Unilever's approach led to impressive outcomes. They saved approximately 175 hours per month of data engineering and data scientist time, reduced audience creation time by 98%, and improved data accuracy by 50%. The UVC increased descriptive data points per consumer by an average of 87%. Moreover, democratizing data access enabled anyone in the organization to execute an audience, enhancing collaboration and efficiency. Dataiku's versatility played a pivotal role in achieving these results, enabling Unilever to overcome challenges and foster a data-driven strategy effectively.

#5 Repeat: Fostering Improvement and Encouraging Reuse Through Automated Monitoring

Data quality improvement is an ongoing process, not a one-time endeavor. The business and technical teams in charge need to refresh the existing data and address various other use cases. This involves updating and maintaining current datasets to keep their accuracy and relevance, as well as exploring and implementing additional data-driven use cases to meet additional business needs.

At the core of a data quality practice lies the establishment of a culture committed to continuous monitoring and improvement. Regular data audits and the meticulous design and review of systematized data quality metrics are key pillars in this endeavor. It also means designing and operationalizing feedback loops with data observability and automated monitoring to identify emerging issues and opportunities for enhancement. 

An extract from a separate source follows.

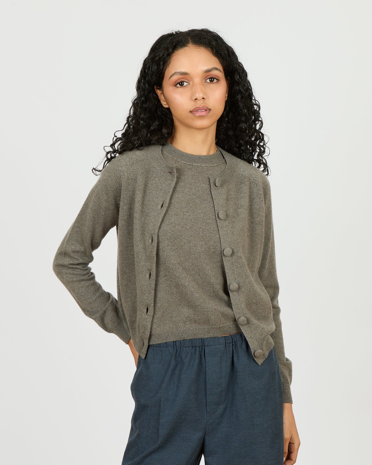 Le cardigan Mila tombe à la taille et peut se porter aussi bien ouvert que fermé.

Figure 1: Metrics in the Dataiku platform automatically assess data or model elements for changes in quality or validity, and checks ensure that scheduled flows run within expected timeframes and that metrics deliver the expected results. Configurable alerts and warnings give teams the control they need to safely manage data pipelines without the tedium of constant manual monitoring.

Figure 1: Metrics in the Dataiku platform automatically assess data or model elements for changes in quality or validity, and checks ensure that scheduled flows run within expected timeframes and that metrics deliver the expected results. Configurable alerts and warnings give teams the control they need to safely manage data pipelines without the tedium of constant manual monitoring. 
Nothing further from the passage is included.